S.Korea can reject USA call for Japan troops intervention in emergency
North Korea has deployed six more patrol vessels near the sea border with South Korea as Pyongyang continues its campaign to invalidate the maritime boundary in the Yellow Sea. The information was announced by a member of the National Assembly’s Public Administration & Security committee, Im Su-kyung.
The South Korean National Computing & Information Agency (NCIA) collected data on hacking attempts over the period of June 2011 to June 2015. The figures do not include attempted hacks automatically filtered out by web security systems, nor attacks recorded by the Defense Ministry and Seoul’s National Intelligence Service.
The biggest number of assaults targeted the Ministry of Foreign Affairs, which was under attack 8,663 times. Discussions about restoring the Gyeongwon Line, which would link Seoul with Wonsan in North Korea, could be tied to deliberations about resuming tours to Mt. Keumkang, which is close to Wonsan. Internet connectivity is famously limited in North Korea: the country reportedly has around 1,024 IP addresses-compared to some 123 million in the U.K.-and there is just a single cable linking North Korea’s network with that of China.
“We must do more to stop the growing number and the growing number of types of cyberattacks”, Su-kyung pointed out.
Those findings were debated Monday at special session of the UN’s rights council, which North Korea’s ambassador at-large, Ri Hung Sik, dismissed as “nearly three hours talking about a non-existent issue”.
Seoul has blamed Pyongyang for a number of cyber attacks in recent years.
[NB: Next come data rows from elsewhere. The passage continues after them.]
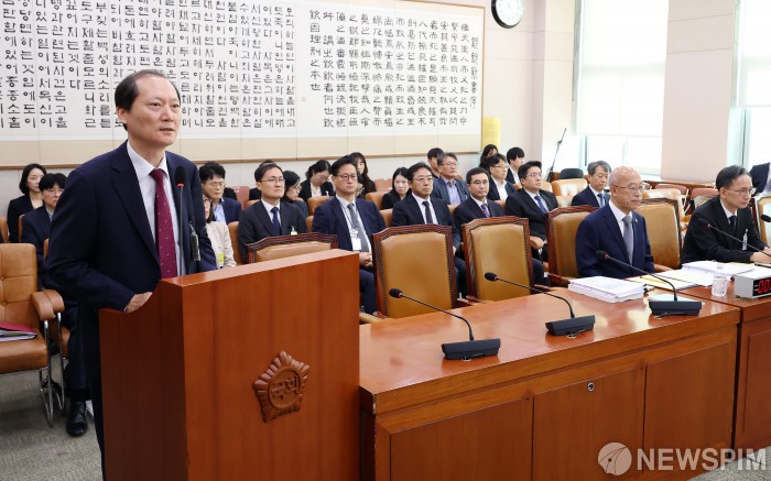 [서울=뉴스핌] 정일구 기자 = 이완규 전 법제처장이 24일 오전 서울 여의도 국회 법제사법위원회에서 열린 법제처에 대한 국정감사에서 증인선서 거부 의사를 밝히고 있다. 2025.10.24 mironj19@newspim.com
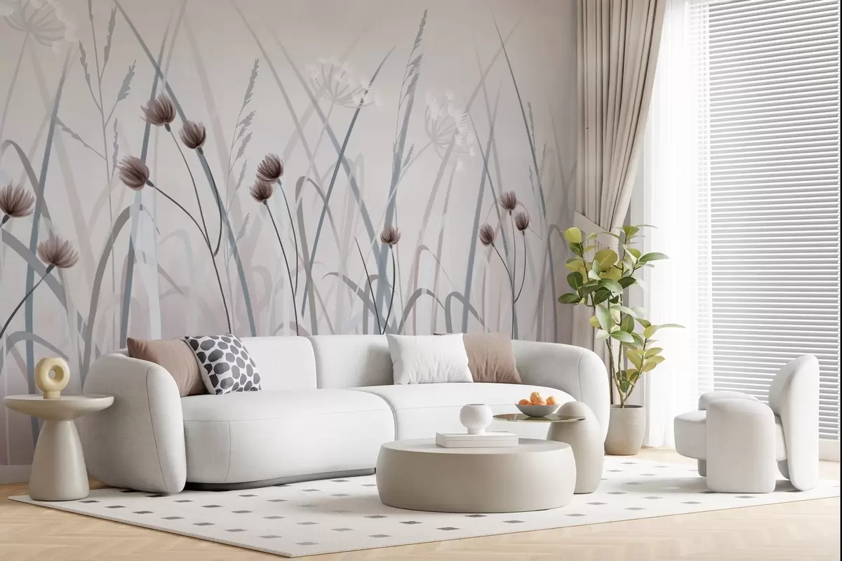 Фототапет Нарисувана трева и цветя Nr w04900v1
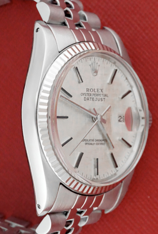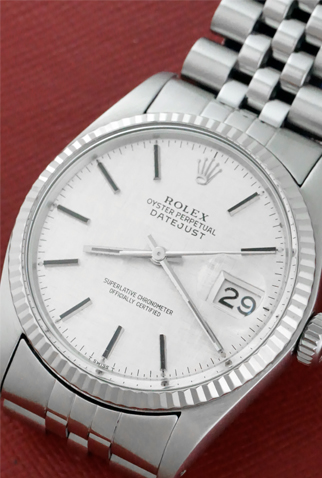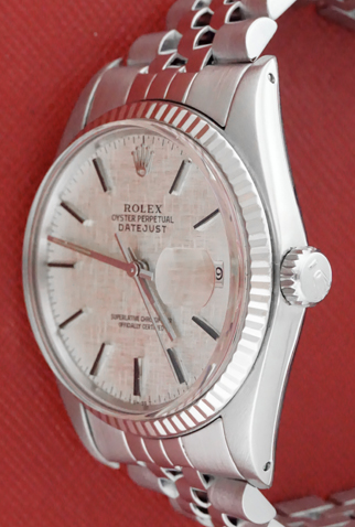 Dial: Oyster Linen Silver Dial with polished hour markers
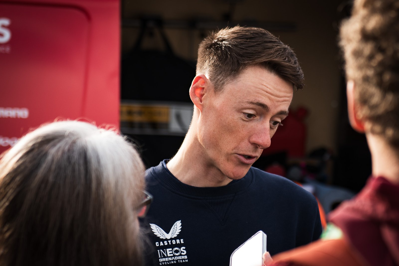 “I think it adds a little bit more pressure, because the other gravel races that I’ve done this year I’ve just been there by myself, with my wife, my son,” he said as he stood by the Ineos team vehicle at the start in Halle.
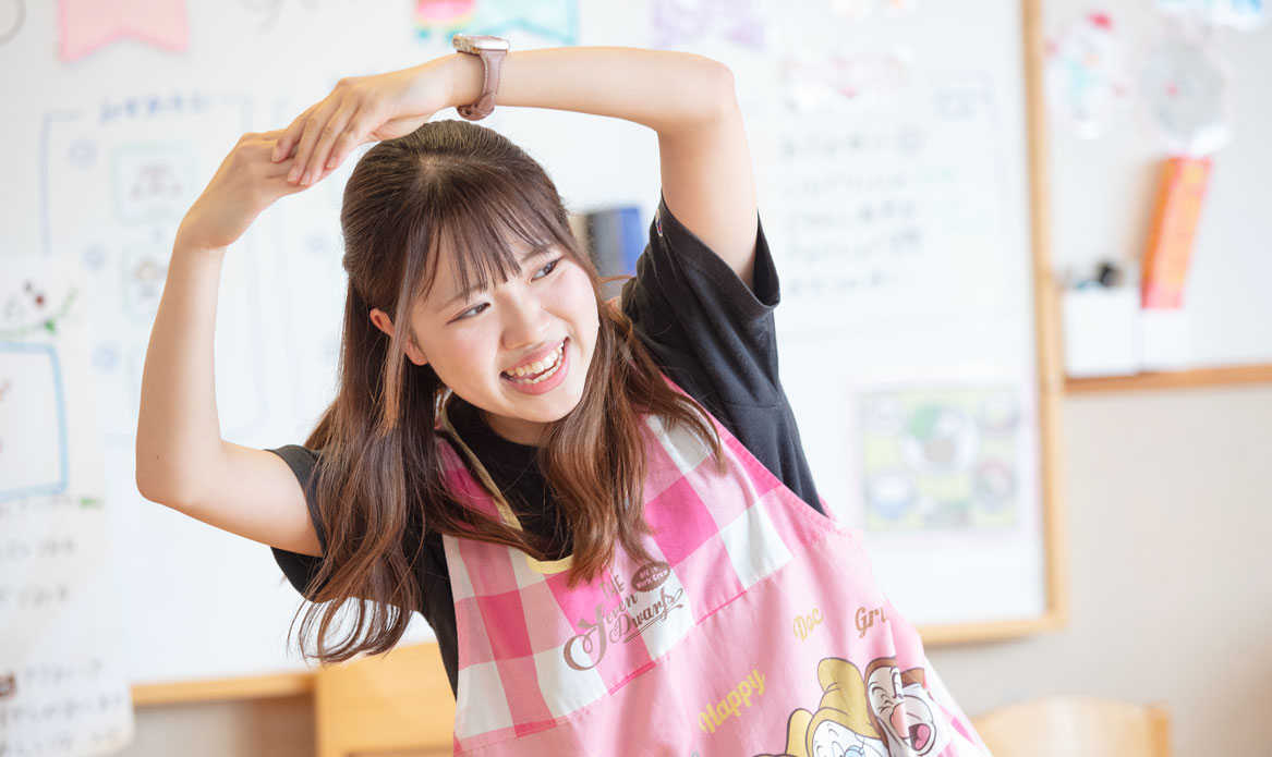 私も最初は不安でいっぱいでした。少し人見知りなところがあるため、職場で他の先生たちと上手くコミュニケーションが取れるのかも心配でした。でも未熟な私を、園長先生を始め、先輩の先生方が優しく、時には厳しく、一つひとつ丁寧に教えてくださり、親身になってアドバイスしてくださいました。今こうして楽しく働けているのも職場の先生方のサポートのおかげ。優しさに触れることで、改めて思いやりの大切さを学び、何事にも感謝の気持ちが自然に持てるようになった気がします。仕事を通してたくさんの人との出会いがあり、話すことが好きになったことも大きな成長です。これからも新しいことにどんどん挑戦していくつもりです!

Seoul regained its peacetime operational control in 1994. They also fear being trapped like “rats in a hole” in the nets of the myriad fishing nurseries maintained by South Korean fisherman.
Only a few months ago the North Korean Embassy in Jakarta appeared to be in a festive mood after a memorandum of understanding was signed with Indonesia on scientific and cultural exchange and cooperation between universities, a South Korean Embassy official said.
A North Korean defector told the BBC in May that Pyongyang had an army of 6,000 trained military hackers and that the regime spends up to 20 percent of its military budget on cyber operations.
“It is extremely cruel of the administration of (North Korea) and a breach of fundamental human rights to deny the opportunity for families to be reunited”, he said, adding: “It is really a barbarous practice”.
In addition to the many South Koreans taken and held, hundreds of Japanese citizens are believed to have been taken to train North Korean spies in Japanese language and customs.